Given data ->
########################################

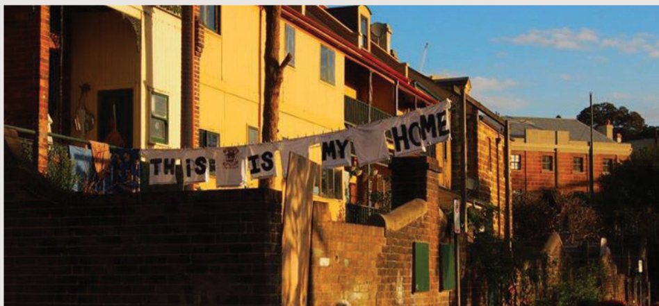
The Millers Point community is fighting to get it's message out

The late 1960s and 70s saw another massive transformation hit the area
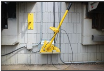
Easily stored and away from damage or debris.
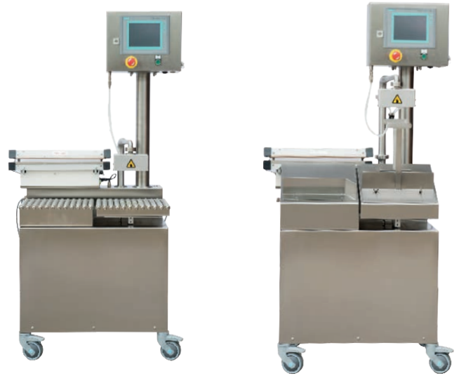
Pictured here with GN rollers Installed

########################################

Problem to solve -> Return the data exactly as it stands, minus the pictures.

Problem solution ->
The Millers Point community is fighting to get it's message out

The late 1960s and 70s saw another massive transformation hit the area
Easily stored and away from damage or debris.
Pictured here with GN rollers Installed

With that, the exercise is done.